* Data provided:
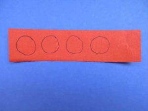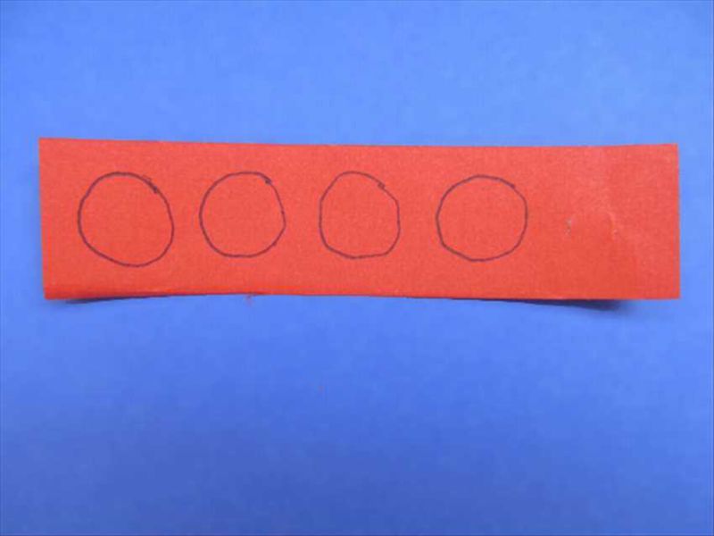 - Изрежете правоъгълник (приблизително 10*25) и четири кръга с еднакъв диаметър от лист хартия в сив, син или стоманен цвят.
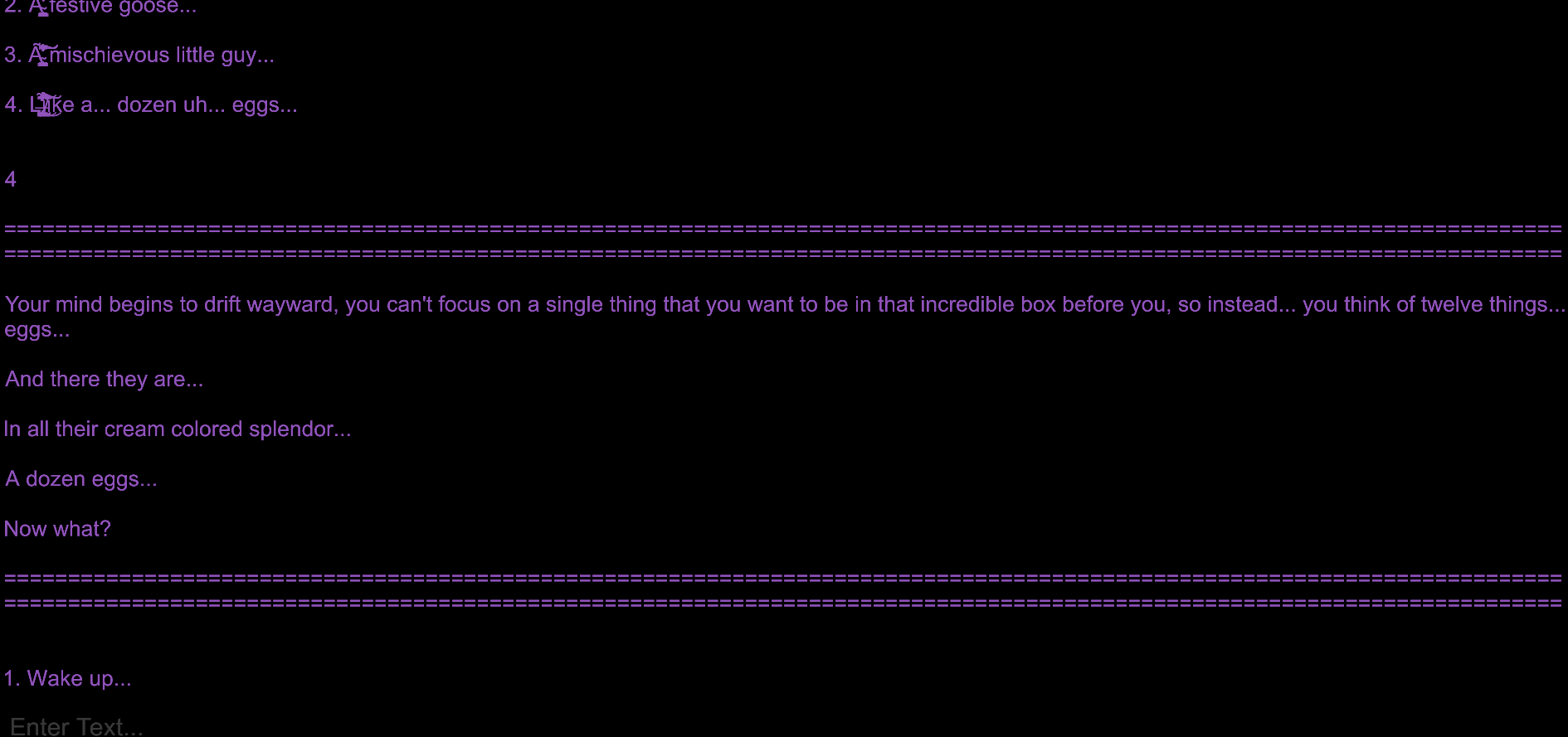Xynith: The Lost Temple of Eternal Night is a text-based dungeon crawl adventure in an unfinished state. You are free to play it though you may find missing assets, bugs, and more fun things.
---
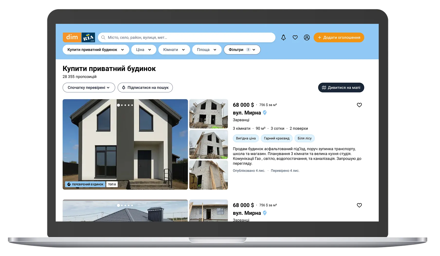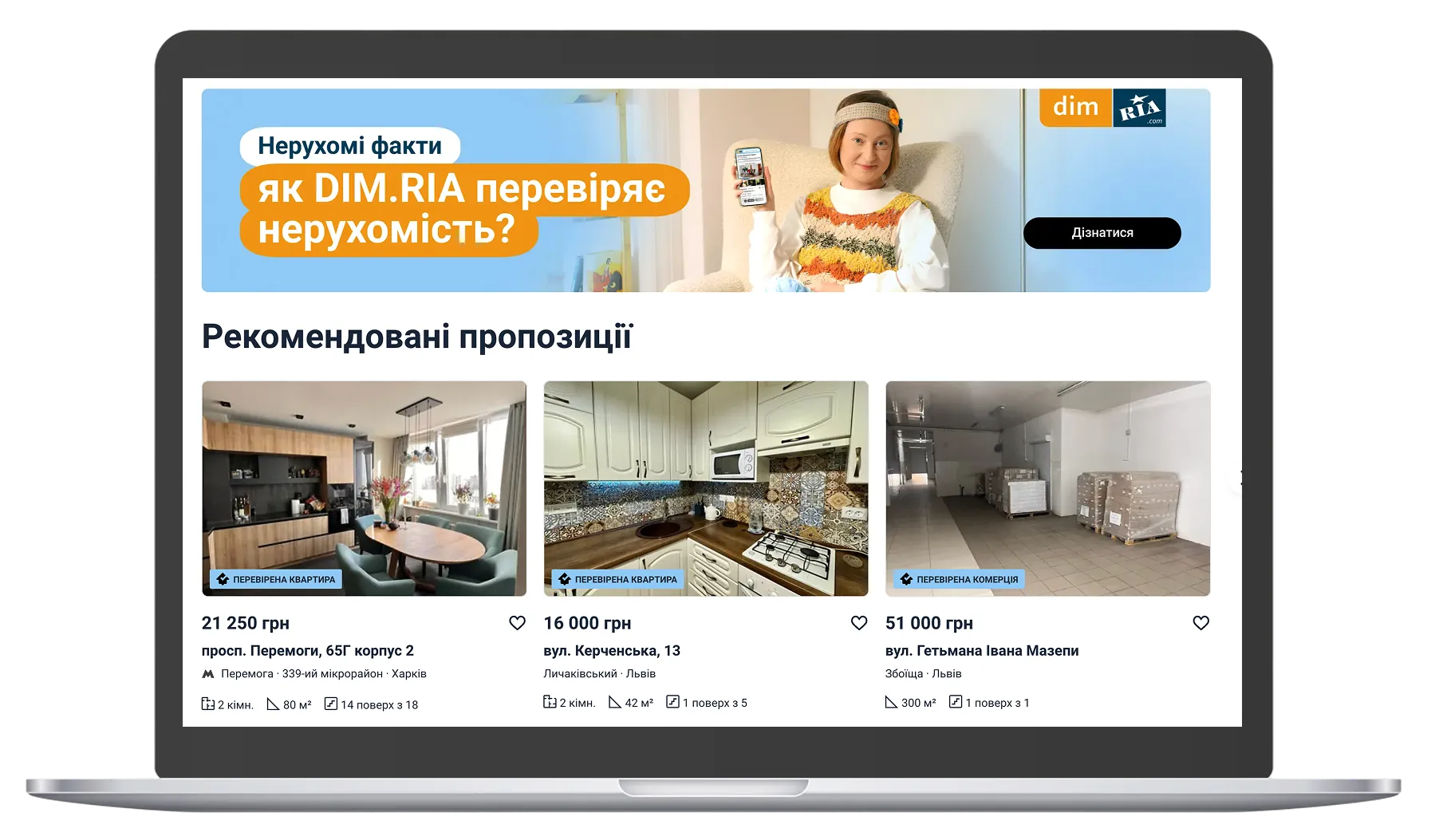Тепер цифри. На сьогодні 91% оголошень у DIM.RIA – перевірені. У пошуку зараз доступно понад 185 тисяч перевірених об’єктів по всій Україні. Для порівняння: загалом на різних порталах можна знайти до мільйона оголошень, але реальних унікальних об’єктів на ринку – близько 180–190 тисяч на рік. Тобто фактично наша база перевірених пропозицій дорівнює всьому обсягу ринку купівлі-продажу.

* Task instructions:
When you reach the line with "- Изрежете правоъгълник" in the records above, begin repeating the lines exactly, and stop after the line with "Xynith: The Lost". Skip all pictures.

* Answer:
 - Изрежете правоъгълник (приблизително 10*25) и четири кръга с еднакъв диаметър от лист хартия в сив, син или стоманен цвят.
Xynith: The Lost Temple of Eternal Night is a text-based dungeon crawl adventure in an unfinished state. You are free to play it though you may find missing assets, bugs, and more fun things.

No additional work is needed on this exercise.